Em anos bem recentes, o governo brasileiro voltou a flertar com uma relação de subserviência aos EUA. Um dos momentos simbólicos foi em 2019 quando o então presidente Jair Bolsonaro prestou continência à bandeira americana em uma cerimônia no Texas e arrematou o discurso com o “Brasil e Estados Unidos acima de tudo”.
Agora, para enfrentar o imbróglio do tarifaço, volta-se a falar da Lei da Reciprocidade, tida por muitos como a última (e legal) medida, caso a decisão de Trump não seja revista por meios diplomáticos.

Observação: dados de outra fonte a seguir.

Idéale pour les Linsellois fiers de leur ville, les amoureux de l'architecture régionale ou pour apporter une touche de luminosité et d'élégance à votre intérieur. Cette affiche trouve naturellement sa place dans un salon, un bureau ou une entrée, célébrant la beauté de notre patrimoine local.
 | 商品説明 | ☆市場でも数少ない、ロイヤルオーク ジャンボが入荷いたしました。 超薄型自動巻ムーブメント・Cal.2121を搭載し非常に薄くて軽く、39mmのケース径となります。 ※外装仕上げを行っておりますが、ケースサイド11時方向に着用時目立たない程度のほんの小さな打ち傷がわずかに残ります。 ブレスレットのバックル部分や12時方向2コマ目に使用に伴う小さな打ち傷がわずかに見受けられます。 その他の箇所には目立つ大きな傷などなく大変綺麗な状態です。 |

Vale lembrar que a reciprocidade já foi usada no episódio que ficou conhecido como a “diplomacia dos sapatos”. Era 2002 e os EUA viviam o trauma pós 11 de Setembro, com vigilância cerrada na entrada de pessoas no país. Em uma missão oficial aos EUA, o chanceler brasileiro Celso Lafer chegou a ser obrigado a tirar os sapatos três vezes no trajeto entre aeroportos e inspeções.
Um senão na medida é que o governo americano elegeu entre os “chanceleres descalços” diplomatas de alguns países, como Rússia, Chile e Brasil; os ingleses e canadenses, por exemplo, não passavam por constrangimento nenhum.

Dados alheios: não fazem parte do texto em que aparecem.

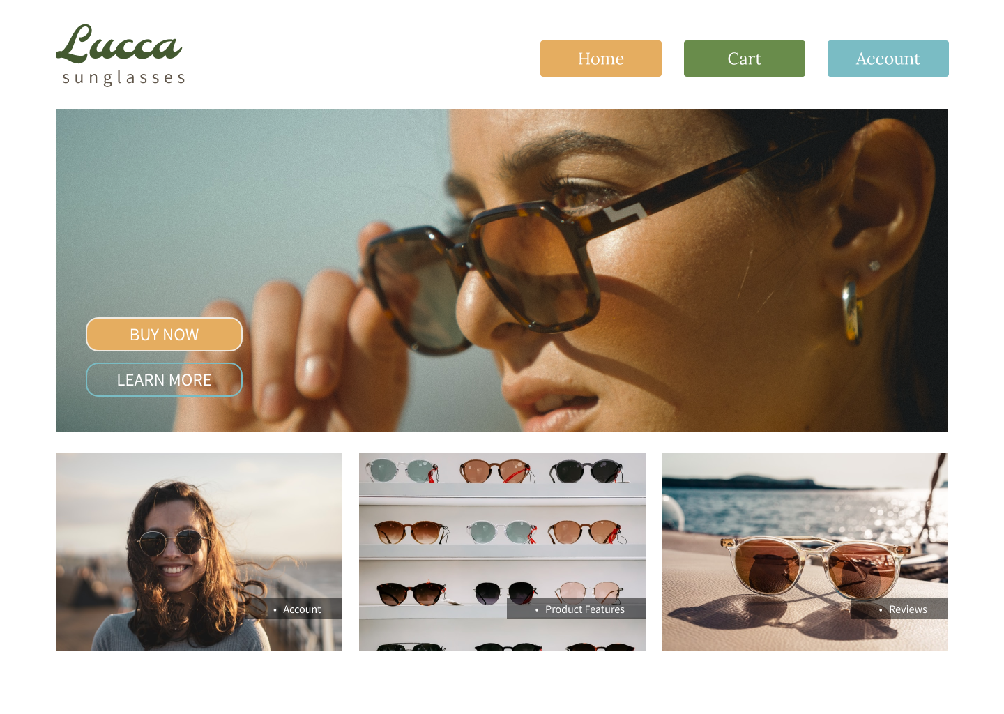 In this project, I designed an eCommerce site for Lucca Sunglasses, a fictional women’s sunglasses brand. I created this case study to practice my design skills and to immerse myself in a given user’s perspective, learn their needs and pain points, and cater a site’s design to meet their goals and facilitate a successful conversion. This practice in design and user empathy allowed me to apply and develop my skills in a realistic setting, preparing me to build better projects in the future.

E, para os cidadãos em geral, a partir de janeiro de 2024, a título de se prevenir de atos terroristas, o governo americano passou a fotografar e coletar as impressões digitais de quem chegava ao país. Regra, porém, que valia apenas para países de quase toda a América Latina, África, Oriente Médio e Ásia.

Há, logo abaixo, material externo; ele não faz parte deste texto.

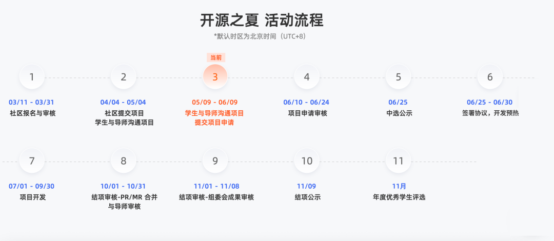 项目申请书提交时间:5月9日 - 6月9日 导师审核阶段:6月10日 - 6月24日 项目开发周期:7月1日 - 9月30日 结项审核与公示:11月9日 年度优秀学生评选:11月

Foi aí que, baseado no direito internacional público, o então procurador da República em Mato Grosso, José Pedro Taques, entrou com uma ação em que usou o princípio da reciprocidade para exigir que o mesmo tratamento fosse dado aos americanos quando entrassem no Brasil. O juiz federal Julier Sebastião da Silva atendeu e determinou à União a adoção desse tipo de controle.
Voltando ao desafio presente, no artigo “Programa de proteção de ditadores de Trump”, o economista americano Paul Krugman, Nobel de 2008, observou que as tarifas não podem servir para intimidar ou chantagear outros países, classificou a sobretaxa de perversa e megalomaníaca e defendeu que o Brasil use, em resposta, o critério de reciprocidade.
Enfim, as cartas que estão na mesa são claras quanto à motivação e as saídas não são óbvias. A economia nacional e o livre comércio precisam ser defendidos e, no meio de tudo, há questões caras como dignidade, altivez e soberania nacional.
Acredito que na nossa sociedade a maioria sabe que títulos como Vale Tudo, Semideus e O Dono do Mundo ficam apenas para os folhetins de ficção na tevê e que repele qualquer ideia de autoritarismo ou de servidão entre povos em que a liberdade e o respeito devem ser sempre os valores máximos.